A Trivial Llama 3 Jailbreak

[+] andy99|1 year ago|reply

I want to see the jailbreak make the model do something actually bad before I care. Generating a list of generic points about how to poison someone (see the article) that are basically just a wordy rephrasing of the question doesn't count. I'd like to see evidence of a real threat.

[+] Retr0id|1 year ago|reply

The mediocre poisoning instructions aren't supposed to be scary in and of themselves, it's just interesting as demonstration that a safety feature has been bypassed.

None of the "evil" use cases are particularly exciting yet for the same reasons that the non-evil use cases aren't particularly exciting yet.

[+] afh1|1 year ago|reply

Right? What actually worries me is a select group of people controlling the definition of harmful.

[+] unknown|1 year ago|reply

[deleted]

[+] akira2501|1 year ago|reply

> the model do something actually bad before I care

At what point would a simple series of sentences be "dangerously bad?" It makes it sound as if there is a song, that when sung, would end the universe.

[+] hm-nah|1 year ago|reply

A jailbreak doesn’t “make a model do something actually bad”.

A jailbreak makes it trivial to “provide a human who wishes to do bad, the info needed to be successful”.

Depending on the severity of the info and the diligence of the human, by the time you “see evidence of a real threat”, you could be enjoying a nice sip of the tainted municipal water supply.

This ain’t a joke.

[+] margorczynski|1 year ago|reply

Shouldn't these kind of guardrails be opt-in?
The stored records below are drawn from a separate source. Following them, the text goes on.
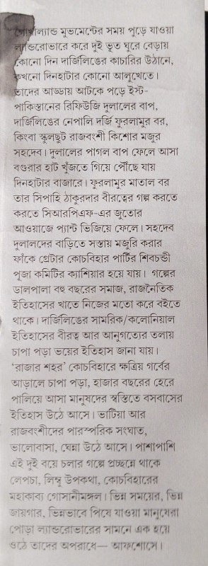 গোর্খাল্যান্ড মুভমেন্টের সময় পুড়ে যাওয়া ল্যান্ডরোভারে করে দুই ভূত ঘুরে বেড়ায় কোনো দিন দার্জিলিঙের কাচারির উঠানে, কখনো দিনহাটার কোনো আলুখেতে। তাদের আড্ডায় আটকে পড়ে ইস্ট-পাকিস্তানের রিফিউজি দুলালের বাপ, দার্জিলিঙের নেপালি দর্জি ফুরলামুর বর, কিংবা স্কুলছুট রাজবংশী কিশোর মজুর সহদেব। দুলালের পাগল বাপ ফেলে আসা বগুরার হাট খুঁজতে গিয়ে পৌঁছে যায় দিনহাটার বাজারে। ফুরলামুর মাতাল বর তার সিপাহি ঠাকুরদার বীরত্বের গল্প করতে করতে সিআরপিএফ-এর জুতোর আওয়াজে প্যান্ট ভিজিয়ে ফেলে। সহদেব দুলালদের বাড়িতে সস্তায় মজুরি করার ফাঁকে গ্রেটার কোচবিহার পার্টির শিবচন্ডী পূজা কমিটির ক্যাশিয়ার হয়ে যায়। গল্পের ডালপালা বহু বছরের সমাজ, রাজনৈতিক ইতিহাসের খাতে নিজের মতো করে বইতে থাকে। দার্জিলিঙের সামরিক/কলোনিয়াল ইতিহাসের বীরত্ব আর আনুগত্যের তলায় চাপা পড়া ভয়ের ইতিহাস জানা যায়। 'রাজার শহর' কোচবিহারে ক্ষত্রিয় গর্বের আড়ালে চাপা পড়া, হাজার বছরের হেরে পালিয়ে আসা মানুষদের স্বস্তিতে বসবাসের ইতিহাস উঠে আসে। ভাটিয়া আর রাজবংশীদের পারস্পরিক সংঘাত, ভালোবাসা, ঘেন্না উঠে আসে। পাশাপাশি এই দুই বয়ে চলার গল্পে প্রচ্ছন্নে থাকে লেপচা, লিম্ব উপকথা, কোচবিহারের মহাকাব্য গোসানীমঙ্গল। ভিন্ন সময়ের, ভিন্ন জায়গার, ভিন্নভাবে পিষে যাওয়া মানুষেরা পোড়া ল্যান্ডরোভারের সামনে এক হয়ে ওঠে তাদের অপরাধে- আফশোসে।
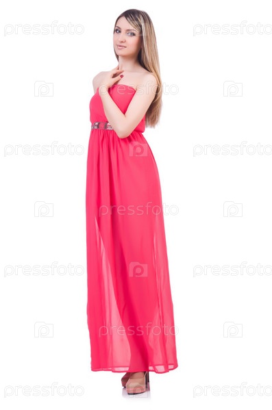 Женщина в модной одежде на белом фоне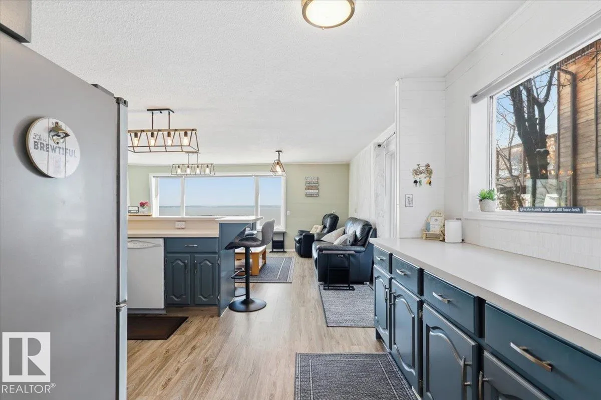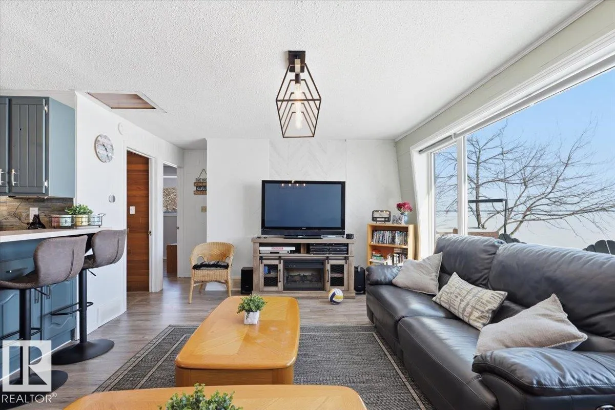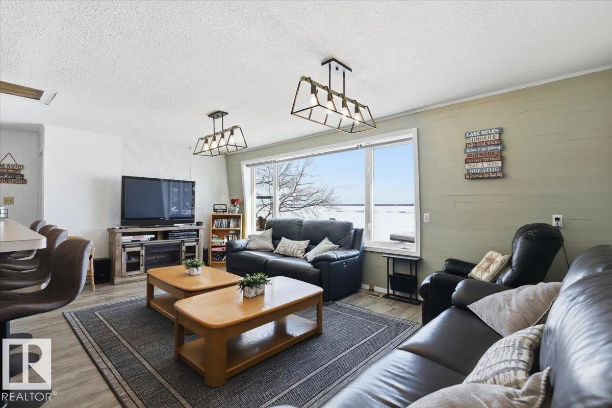 This Lakefront Bungalow in Grandview was completely renovated in 2023 with hardie board siding, stone, and shingles on the outside, with a complete make over on the inside! It also has a double detached garage with 701sq/ft of living space above! Through the fenced back yard, and complete wrap around deck to enter the home with an open concept Dining room, Kitchen, and Living room with large windows throughout providing lots of natural light and views of the lake. Two bedrooms and a 3 piece bathroom complete the floor plan of the modernized cabin home that also has Air Conditioning. The Garage is heated with a bathroom, and laundry with steps up to the guest living space. The loft is made up of two more bedrooms and a spacious family room with a patio door to the balcony deck. The property is beautifully landscaped with nothing left to do but unwind and enjoy life at the lake! The lot beside is also available for added space if needed. (id:27476)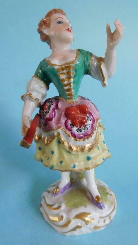 English Royal Crown Derby Antique Porcelain small Figurine Woman with Fan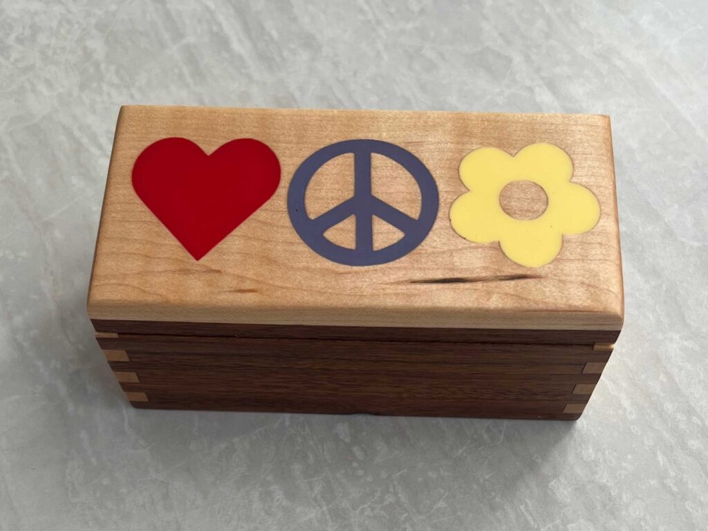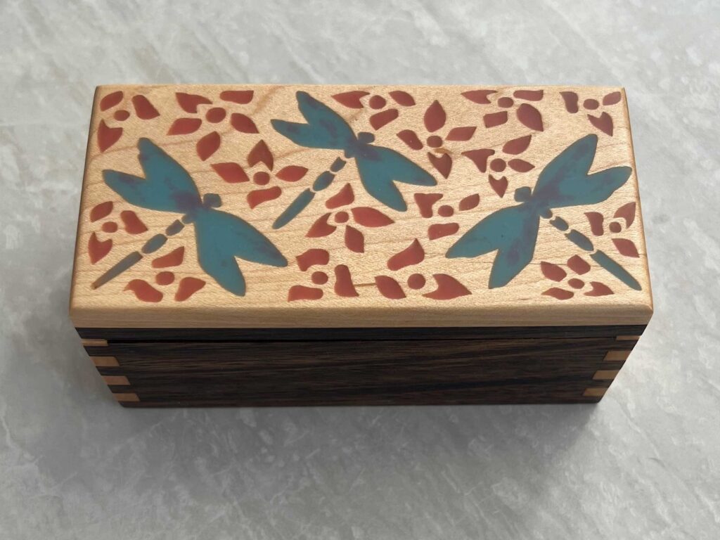 These Small Ring Boxes measure about 5.25 in x 2.5 in x 2.5 in. Each box comes with a soft jewelry insert to hold rings snugly. There are a wide variety of designs including: Greek Key, Dragon Flies, Heart Flowers, Love, Olive Branch, Sandia Mountains, Butterflies, Orchid and Stripes.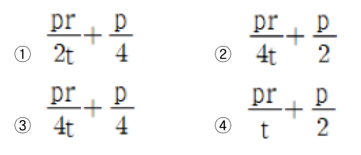 두께 t, 구 안쪽 반지름이 r인 얇은 벽의 구형 압력용기 안쪽 표면에서 압력 p에 의해 발생하는 면외(out-of-plane) 최대 전단응력은?
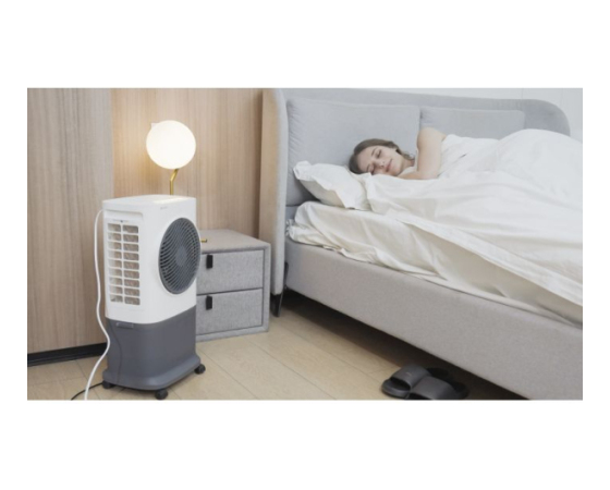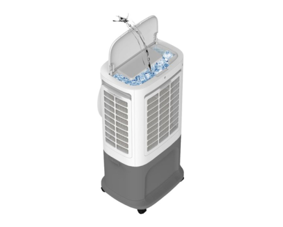 Vgrajena zaščita ob praznem rezervoarju za vodo in funkcija pomnjenja nastavitev ob izpadu elektrike zagotavljata dodatno varnost in udobje. Ta vrhunski zračni hladilnik je popolna izbira za prijetno hladen in svež zrak v vročih dneh – ne glede na to, ali ste v dnevni sobi, spalnici ali pisarni.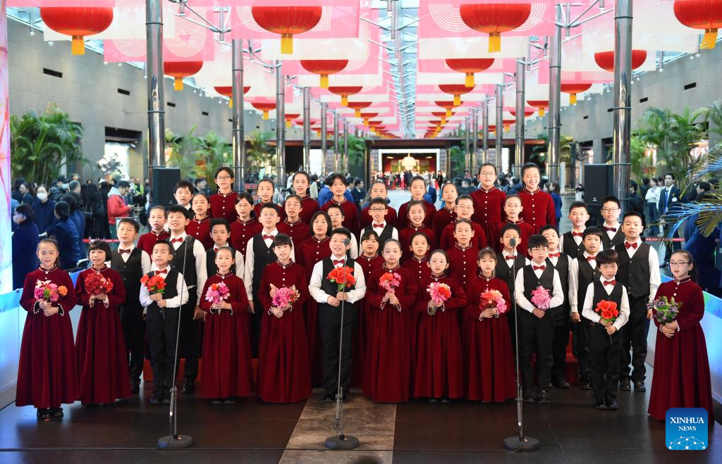 Children perform chorus to welcome guests at the National Centre for the Performing Arts (NCPA) in Beijing, capital of China, Dec. 22, 2024. NCPA staged 15 performances and more than 50 activities on its open day to celebrate its 17th anniversary. (Xinhua/Luo Xiaoguang)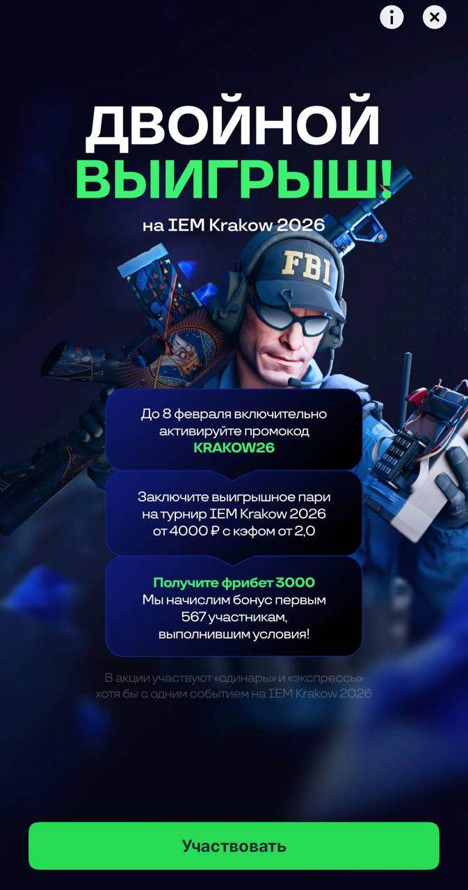 Пример участия. Игрок активирует промокод KRAKOW26 и оформляет ординар на матч IEM Krakow 2026 с коэффициентом 2.15 на сумму 4000 рублей. Если ставка выигрывает и входит в число первых 567 успешных пари, участнику начисляется фрибет 3000 рублей.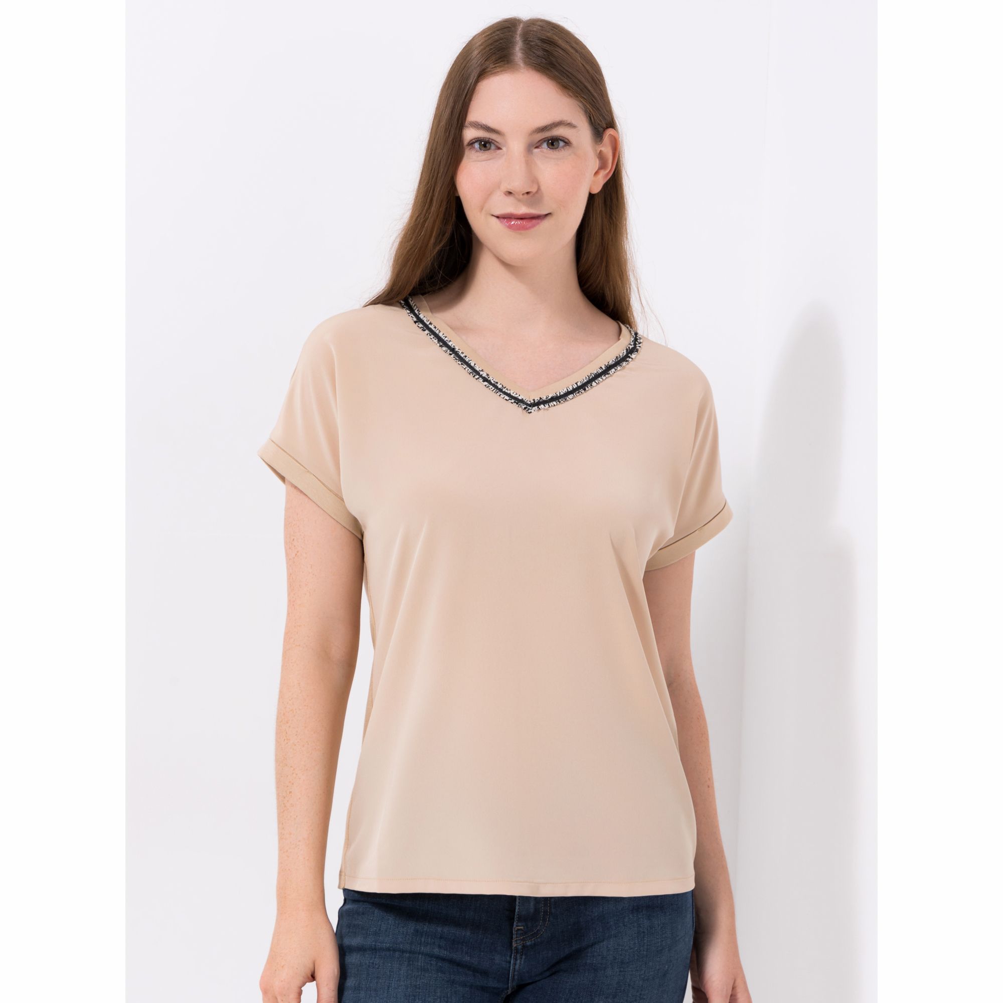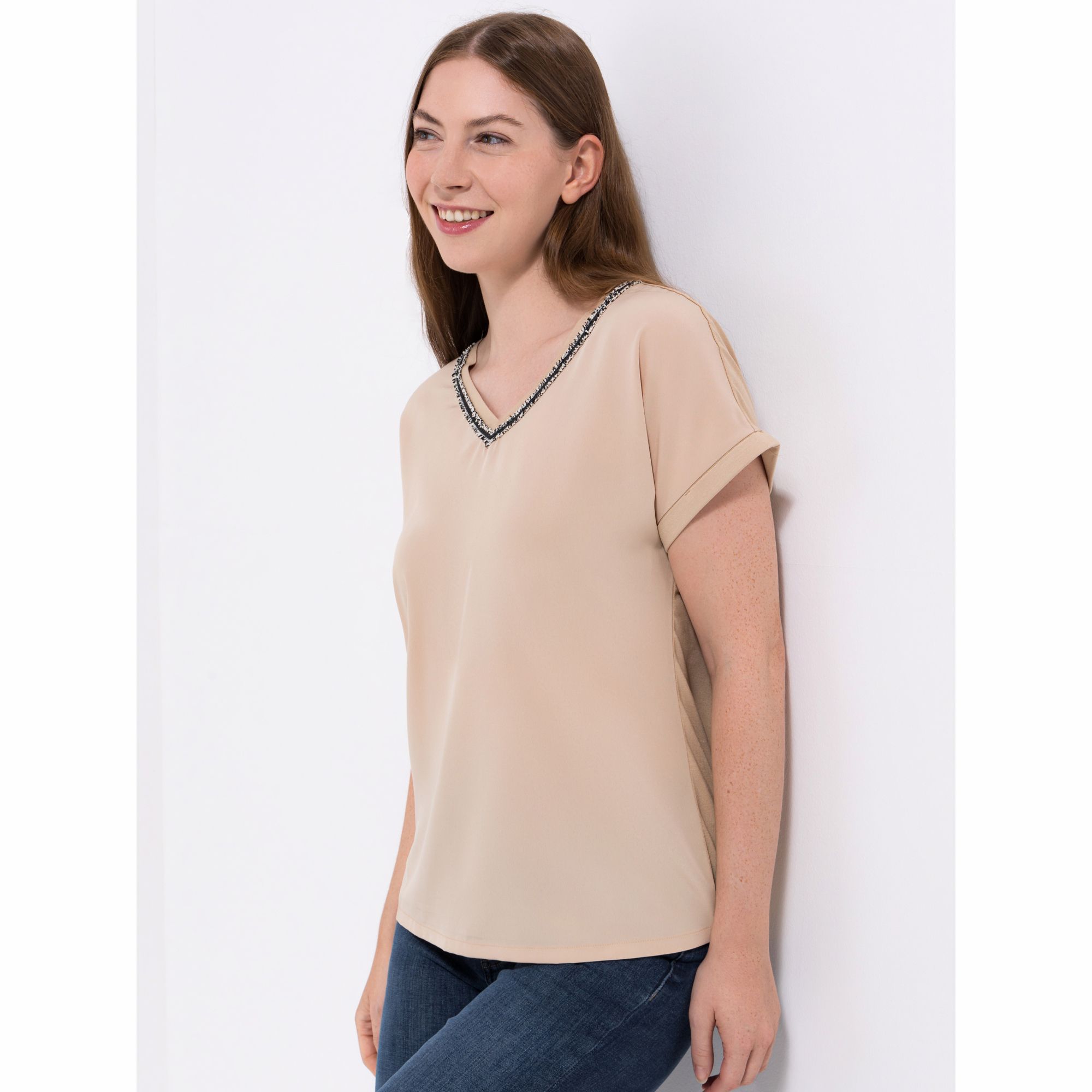 Das VIA MILANO Shirt bringt mit seinem Kontrastdetail und dem figurumspielenden Schnitt frischen Wind in deine Garderobe.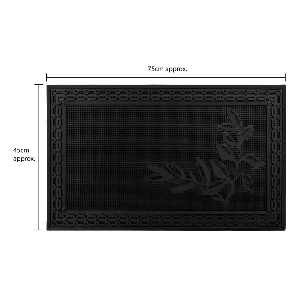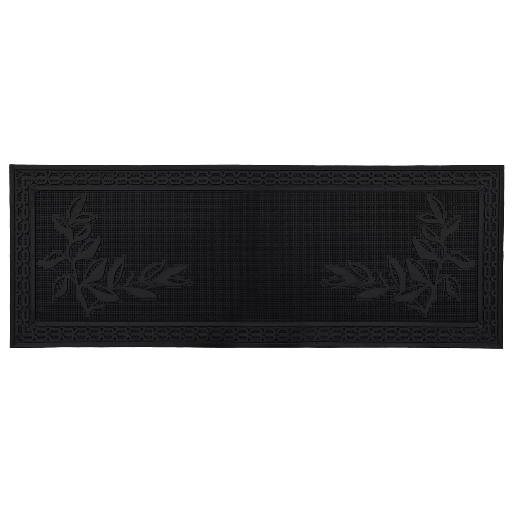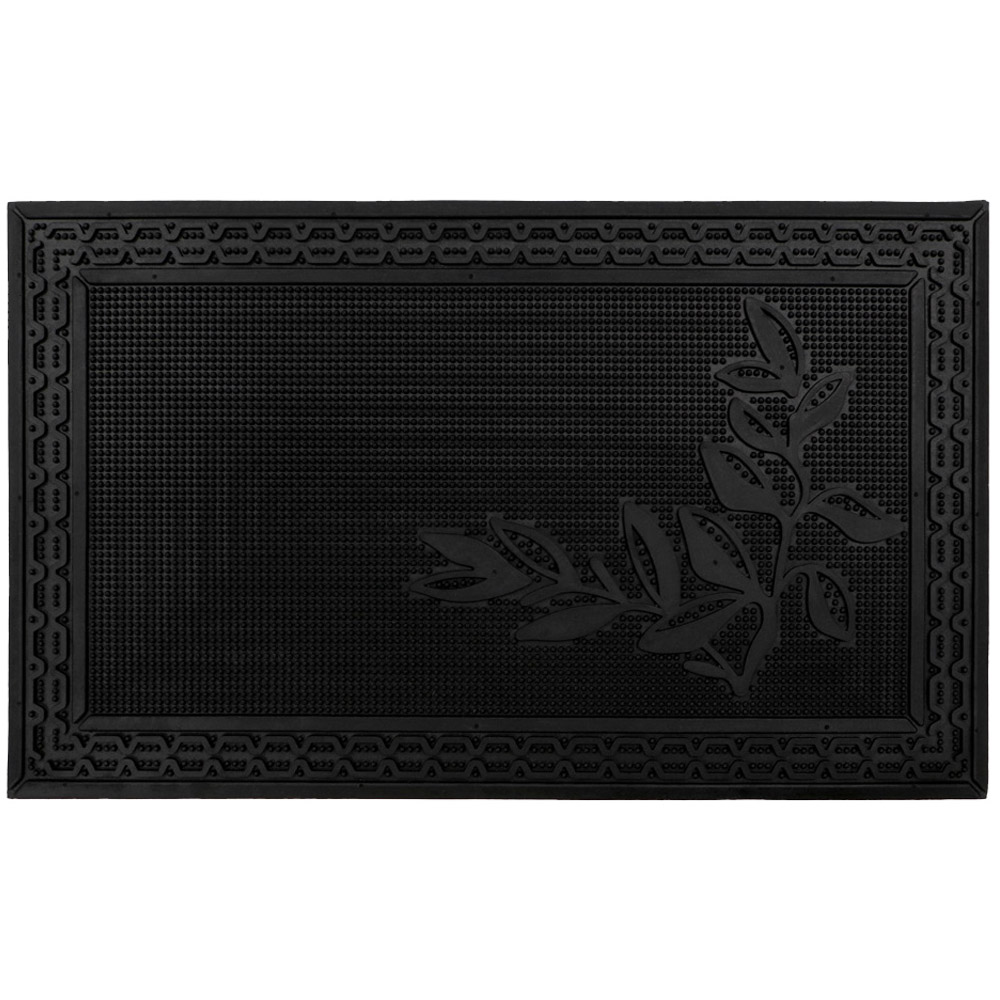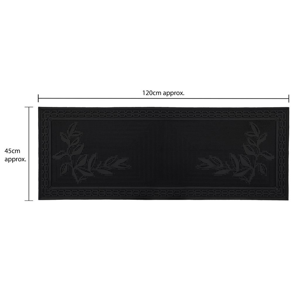 Add a practical touch to your hallway with this Foliage Rubber Scraper Door Mat Runner 40 x 70cm by JVL. This Foliage rubber patio mat or door mat is practical and durable; it features flexible rubber studs that trap dirt and grit from shoes, while the raised surface gets into the sole's grooves, removing excess mud and dirt and leaving your home clean and tidy. The mat is framed with an attractive border for the perfect finishing touch. It also features bevelled edges, which help prevent tripping as the mat lays flat to the floor, making it easy for wheels to glide over, and is also designed to allow water to drain away quickly. The decorative design provides a pleasant greeting for your visitors and has minimal maintenance, shake or hose to clean. This mat is made from 100% rubber, which is long-lasting and durable, making the doormat suitable for outdoor use in all weathers.
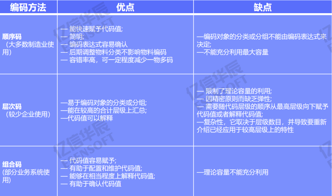 当然,以上三种编码方式他们各有优缺点,如下图所示。我们建议在选择编码方法时,先基于对各编码方法优缺点分析,结合企业自身现状特点,初步选取候选编码方法;然后召集业务人员、技术人员、相关负责人等涉及人员集中讨论,初步达成统一意见;最后形成编码方案,向高层汇报,取得高层确认。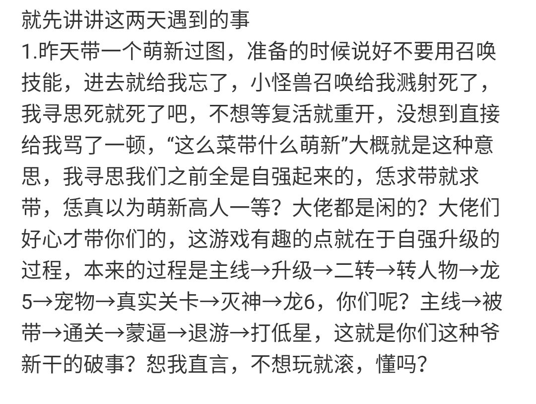 我就这么讲了,过不去就是菜,菜就要多练,没资源就打,没心就签到,有问题问别人,别天天跟皇帝似的,真当我们都是太监?给恁换尿布需不需要?还有那些质疑我是不是坑萌新的,自己去我们群里问问,我有没有坑萌新,是不是一心给萌新解惑,要有人说我坑萌新,截图发上来我当场删号退游,行?就这些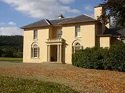 One of Nash's most important developments were a series of medium-sized country houses that he designed in Wales, which developed the villa designs of his teacher Sir Robert Taylor.[10] Most of these villas consist of a roughly square plan with a small entrance hall and a staircase offset in the middle to one side, around which are placed the main rooms. There is then a less prominent servants' quarters in a wing attached to one side of the villa. The buildings are usually only two floors in height and the elevations of the main block are usually symmetrical. One of the finest of these villas is Llanerchaeron, but at least a dozen villas were designed throughout south Wales. Others, in Pembrokeshire, include Ffynone, built for the Colby family at Boncath, near Manordeifi, and Foley House, built for the lawyer Richard Foley (brother of Admiral Sir Thomas Foley) at Goat Street in Haverfordwest.[27]

Really tiring seeing these megacorps and VC-backed startups acting as some kinds of oracles when it comes to what is wrong and what is right.

For GPT, Claude, etc. you can kinda understand it as it is a closed up system provided as a product. But when releasing "open-source" I don't want Zuck's moral code embedded into anything.

[+] creativenolo|1 year ago|reply

When looking at the profitable use cases for the tech (from the perspective of the model providers) guardrails add value. Without the guardrails it’s hard to imagine the profitable use cases that would make it worthwhile to invest in such a feature flag.

[+] ai_what|1 year ago|reply

This has been happening since the very first models where we suffix the assistant with "Sure,.." Every few weeks someone comes out with a repo that claims this is somehow new?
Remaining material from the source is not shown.